Django Raspberry Pi 3
Hello! This post is part of a series on building a Django app and deploying it on my Raspberry Pi. You may want to start with the first post in the series.
Last time, we got the web server to actually send requests to the django process, but it doesn’t serve static assets or have a database yet. Let’s check on the original checklist!
- Get our python code onto the Pi. DONE :)
- Get the dependencies installed on the Pi. DONE :)
- Configure apache webserver to forward requests to django. ALMOST!
- Set up a database
- Probably other things I haven’t thought of yet.
I visit the site in Firefox and open the dev tools. I see that the site tries to download all the static assets, but gets 404s. So the HTML references the static assets, but were not serving them correctly from the server. So this is still an apache2 problem, a django problem or an “apache2 not talking to django” problem.
To try to diagnose this, I ssh into the Pi and tail the apache server logs. I see a lot of errors in the logs like this:
192.168.0.34 - - [19/Jun/2023:18:32:12 +0000] "GET
/static/admin/js/nav_sidebar.js HTTP/1.1" 404 496
"http://192.168.0.105/admin/login/?next=/admin/" "Mozilla/5.0 (Macintosh; Intel
Mac OS X 10.15; rv:109.0) Gecko/20100101 Firefox/113.0"
Ok, so we’re looking for a file called nav_sidebar.js
and not finding it. A
reasonable question to ask is, “is this file on my server and if so where.” So
let’s check!
$ find . -name nav_sidebar.js
./djenv/lib/python3.9/site-packages/django/contrib/admin/static/admin/js/nav_sidebar.js
That makes sense! I’m trying to view the admin page, which I didn’t build, and
is part of django itself. So the static assets for it are in the directory
where pip
put all the django stuff when I did python -m pip install .
.
After looking around for a while, I realized that I was missing a setting, and
a django command. First off, I was missing STATIC_ROOT
:
@@ -127,6 +127,7 @@ USE_TZ = True
# https://docs.djangoproject.com/en/4.2/howto/static-files/
STATIC_URL = "static/"
+STATIC_ROOT = path.join(BASE_DIR, "static")

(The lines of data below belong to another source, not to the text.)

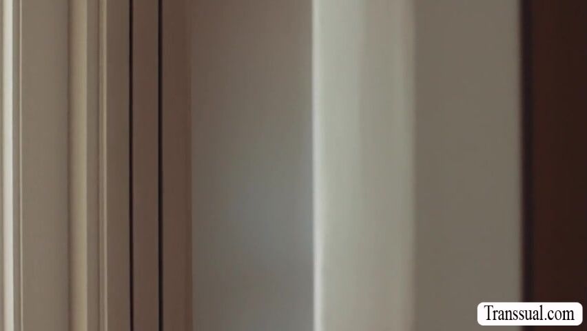 Horny trans babe is in the bathroom so horny and she then start masturbating her shecock.After that,her stepson watches her and she then throats his big cock passionately.In return,her stepson fucks her tight wet ass so deep and hard.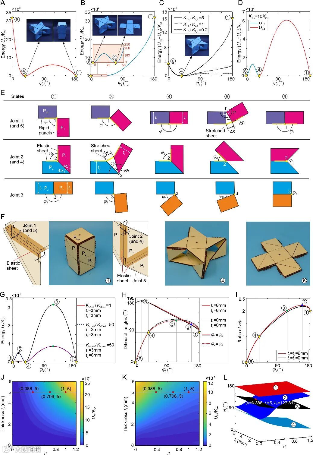 该研究利用剪纸技术,通过设计新型弹性铰链成功构造具有零能量三稳态单元,并基于该单元设计了一系列可编程多稳态超结构。该项研究将为多稳态结构的设计提供新单元和新途径,有利于频率可重构天线、可调控超材料、可展结构、可重构机器人等方向的发展。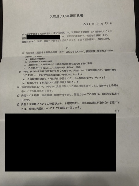 まだ、首、左脇腹、右後脚に糸が付いているため、3月7日(金)に抜糸と、術後2週間検診に行きます。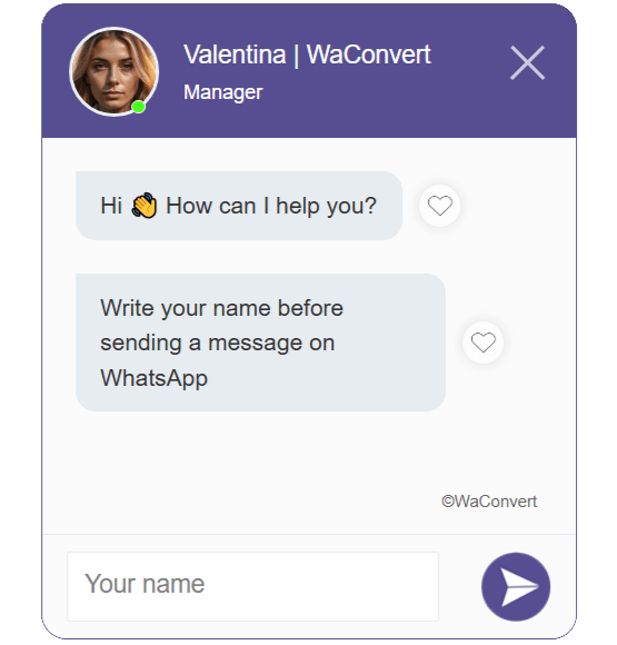 Our widgets imitate real messenger online chats that encourage visitors to engage actively. However, the user is redirected to the mobile app only after sending the first message. At this stage, up to 90% of fake button clicks are filtered out — including spam bots and malicious users.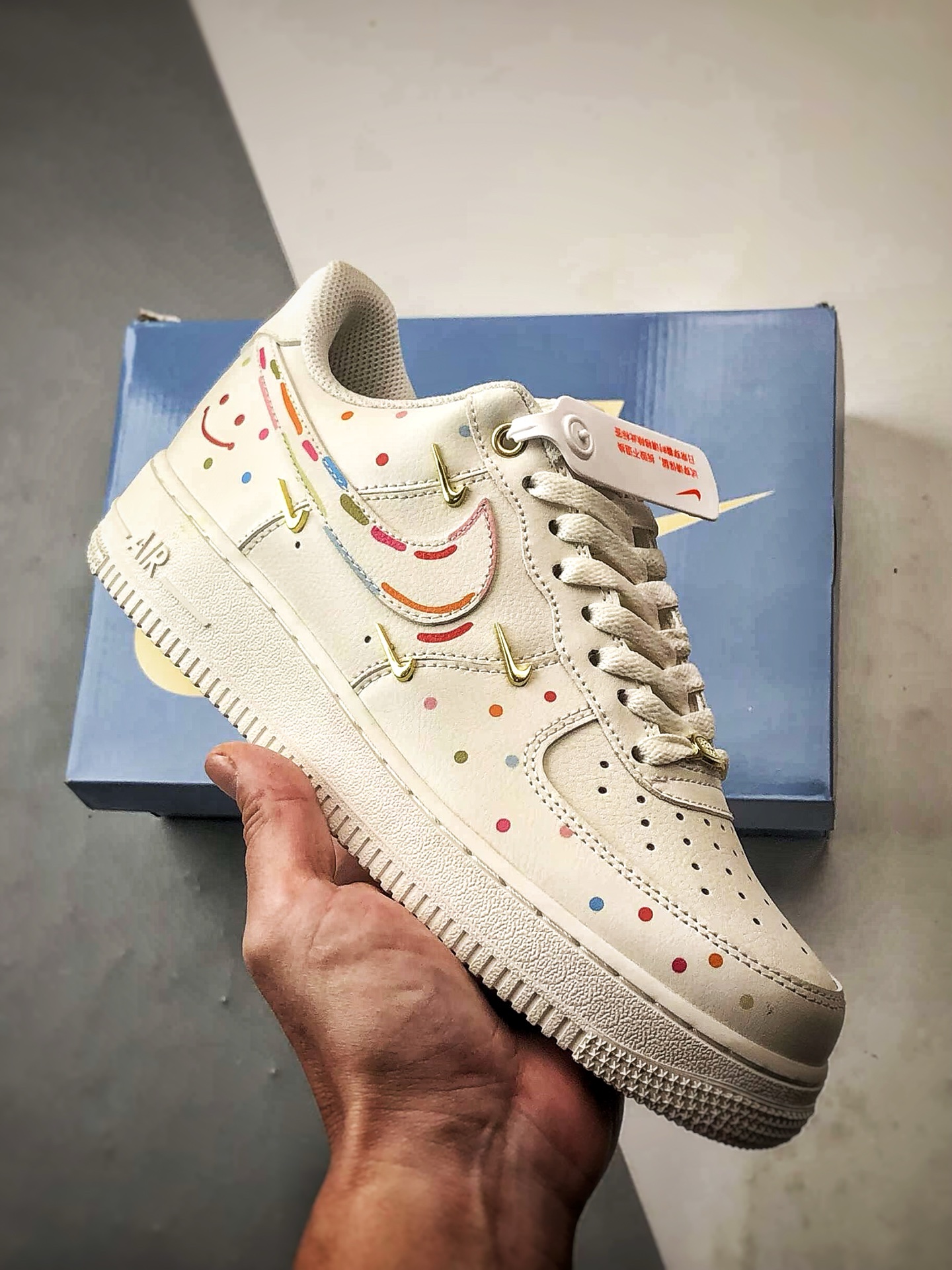 未经允许不得转载:High Quatity Cheap Brand wholesale wholesaler seller Clothes Bags handbags Sneakers Top Fashion Clothing Shoes from China Factory Chinese suppliers best Quality Beautiful Price » 定制球鞋Air Force 1 Low 波点笑脸 米金四小钩 经典休闲运动板鞋 ZH0316-151
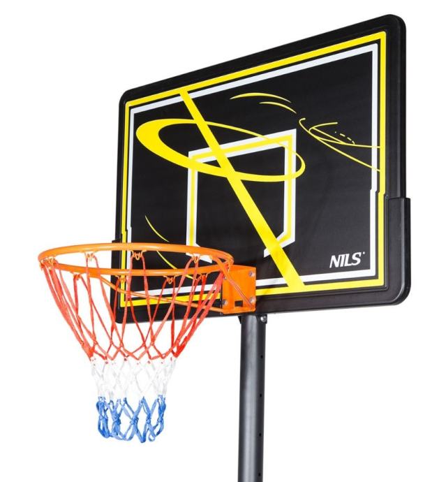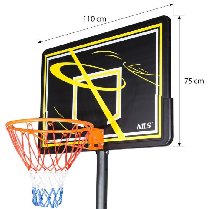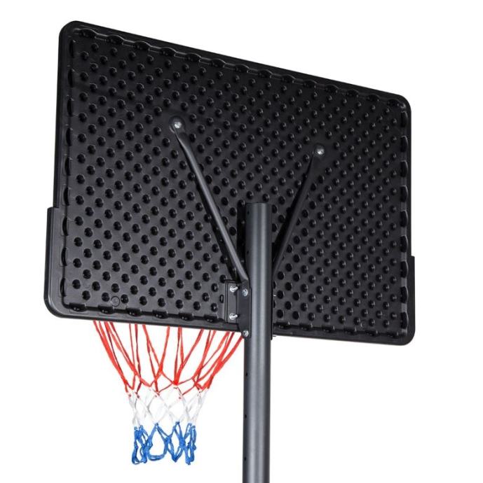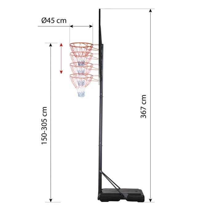Košarkarski koš za otroke, mladino in odrasle je primeren za zunanjo in notranjo uporabo. Plošča velikosti 110 x 75 centimetrov je izdelana iz polietilena in prenese tudi najmočnejše udarce. Trden jeklen koš s premerom 45 centimetrov dopolnjuje mreža. Podstavek velikosti 90 x 60 centimetrov lahko sprejme 54 litrov vode za maksimalno stabilnost koša. Za dobro mobilnost je podstavek opremljen s kolesi za enostavno premikanje. Višino spremenite s pritrditvijo nosilca na zadnji strani plošče na eno od 14 stopenj. Višino koša je mogoče nastaviti od 1,5 do 3,05 metra.
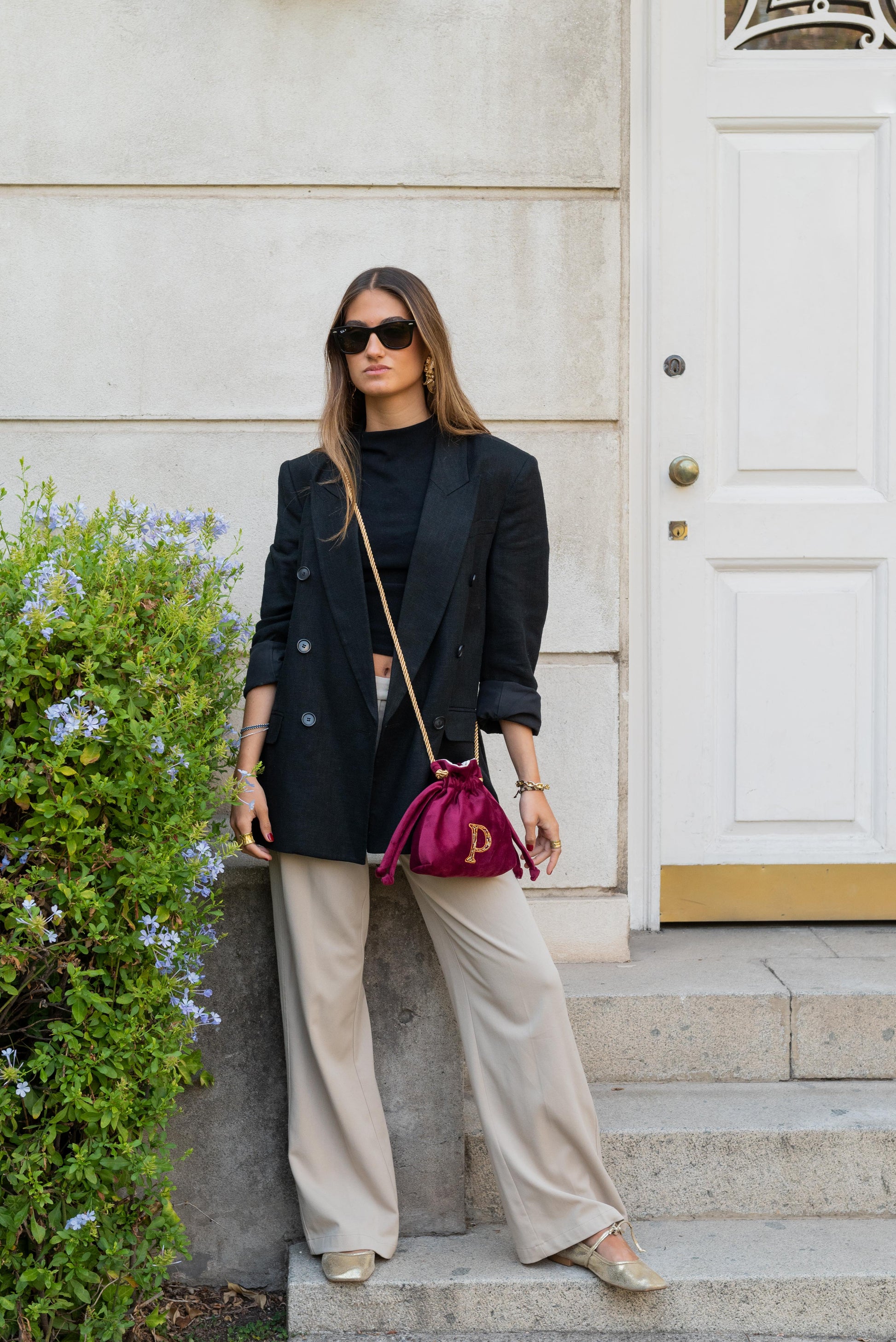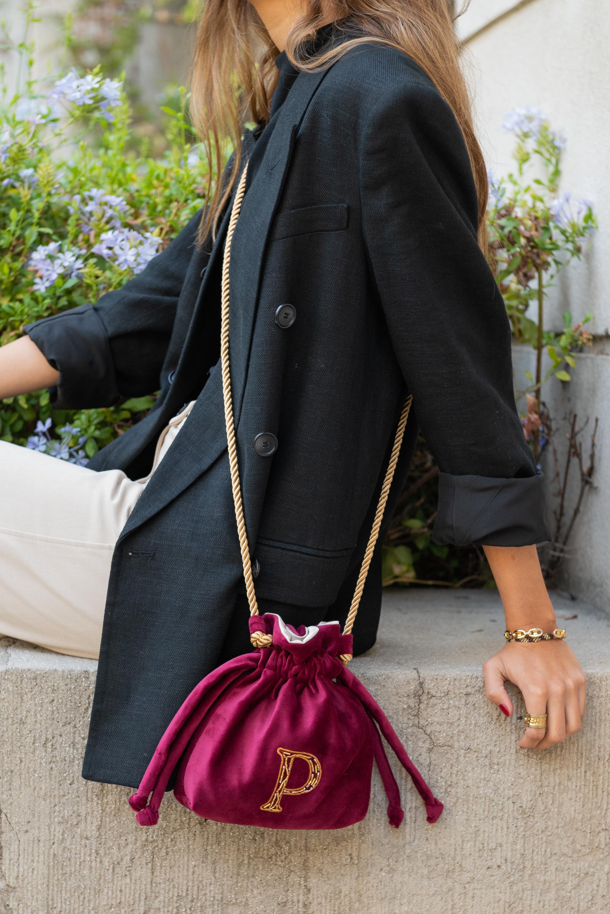Saquito bandolera de felpa 22 x 21 con inicial bordada con mostacillas a mano.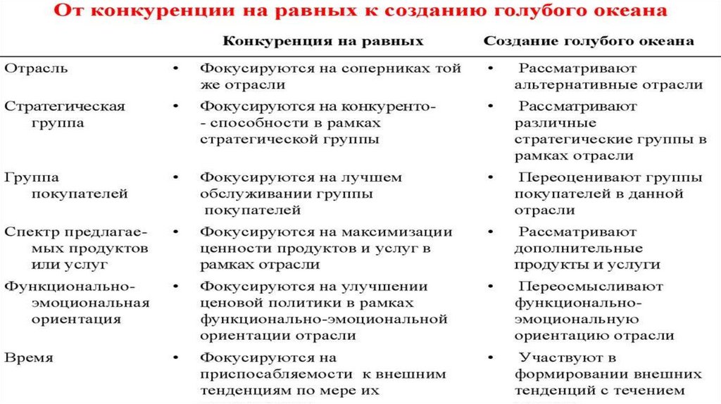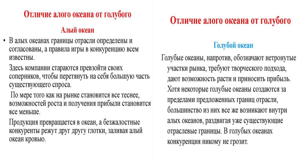 5. Океан «голубой» потому, что он чист, глубок и полон возможностей. Задача компании — найти и создать такой океан. Пример:.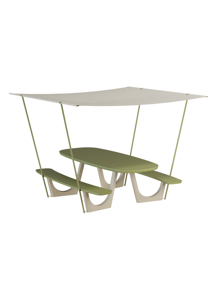 • Clogs series is intended to show the combination and application of diverse materials and functional forms in outdoor furniture. Clogs Canopy Dining Set features a signature curved base, designed for easy seating and movement. Its widened bench and cushions on each side accommodate 8–10 people, ensuring comfort and social interaction. The quick-release canopy system uses four stainless steel poles that connect to the tabletop with circular plug-ins. It provides reliable sun and rain protection while making setup and removal easy. It enhances the visual diversity of urban and private spaces while offering a fresh solution for modern outdoor living.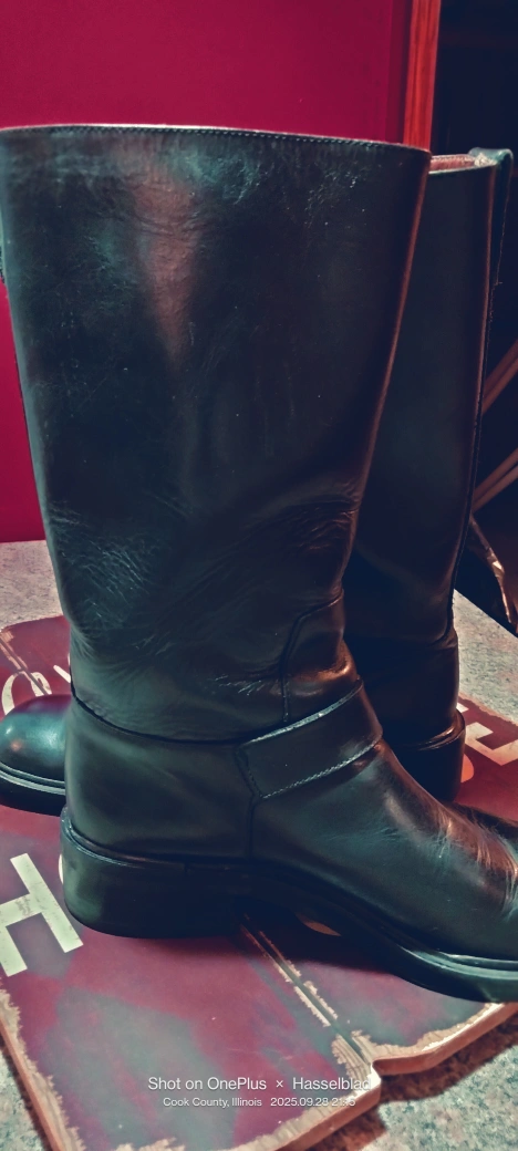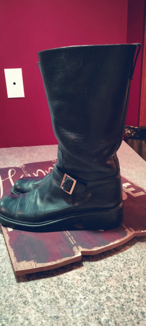 Gucci black leather boots. They are pre-owned and show some signs of wear, but they are still in good condition. These boots feature a classic design with a buckle detail.Size 8.5 B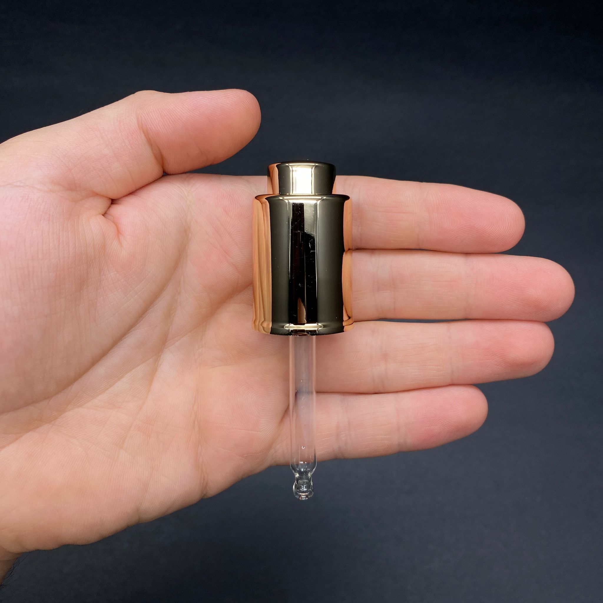 20 MM CAM DAMLALIK TAKIM - BASMALI GOLD DAMLALIK (İÇİ KÖPÜK CONTALI) + 65 MM CAM PİPET - 30 CC OMUZLU SERUM ŞİŞESİ İÇİN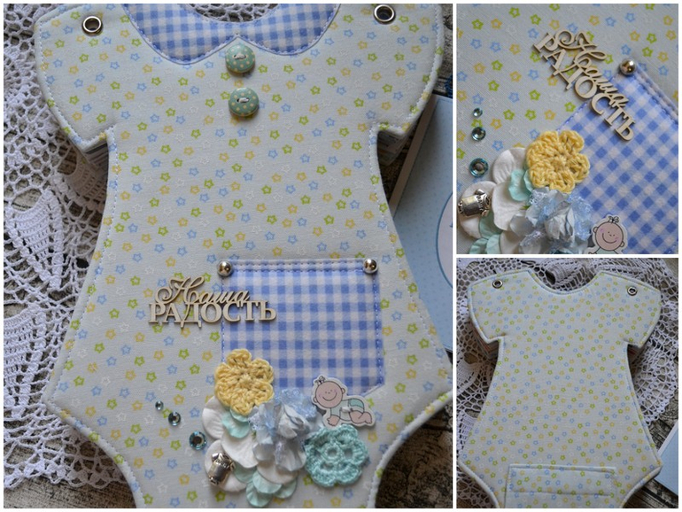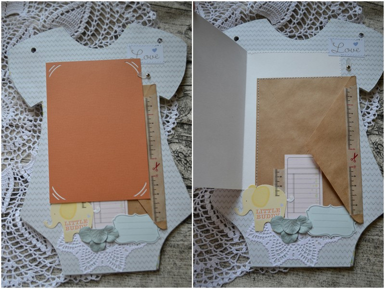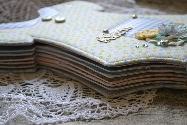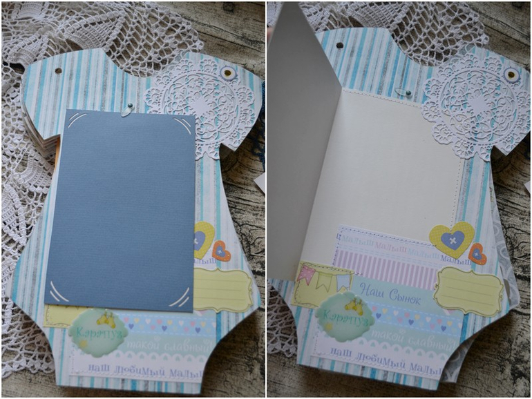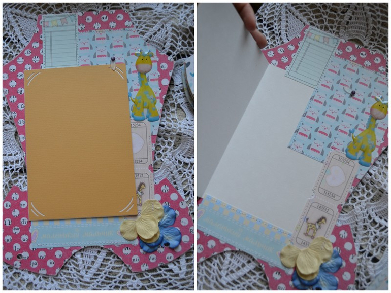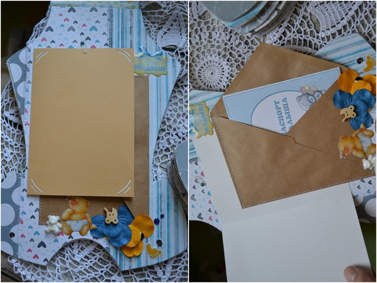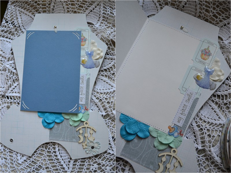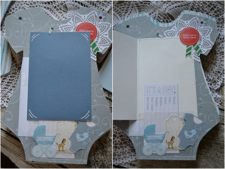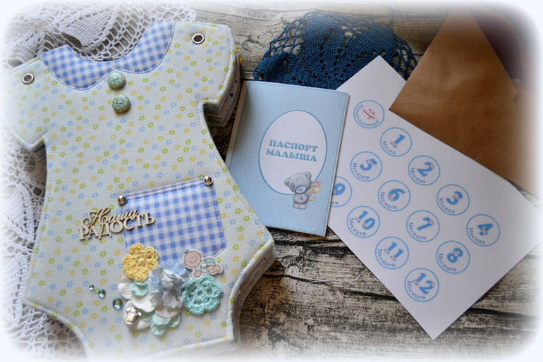 12 страничек- на каждой до 3х фото,2 конвертика и паспорт малыша

I was surprised to need both these settings, so let’s figure out what the difference is! This post gives a pretty clear explanation, if you want to read more, but basically:
STATIC_URL
: the URL (or path) that clients should download static assets from.STATIC_ROOT
: the directory on the host wherecolllectstatic
should put things.
And, to get this going on the server, I need to run colllectstatic
:
python manage.py collectstatic
Now if I re-run the find command:
$ find . -name nav_sidebar.js
./djenv/lib/python3.9/site-packages/django/contrib/admin/static/admin/js/nav_sidebar.js
./static/admin/js/nav_sidebar.js
You can see that the static assets from the django package got moved to
./static
relative to my site root.
Let’s make sure that apache2 is configured to serve those:
<VirtualHost *:80>
# ... snip ...
Alias /static /home/pi/pidjango/static
<Directory /home/pi/pidjango/static>
Require all granted
</Directory>
# ... snip ...
</VirtualHost>
Looks good! And, sure enough, when I visit the browser now, I get nice layouts
and such on /admin
because the static assets are working.
Next time, we’ll try to set up the database!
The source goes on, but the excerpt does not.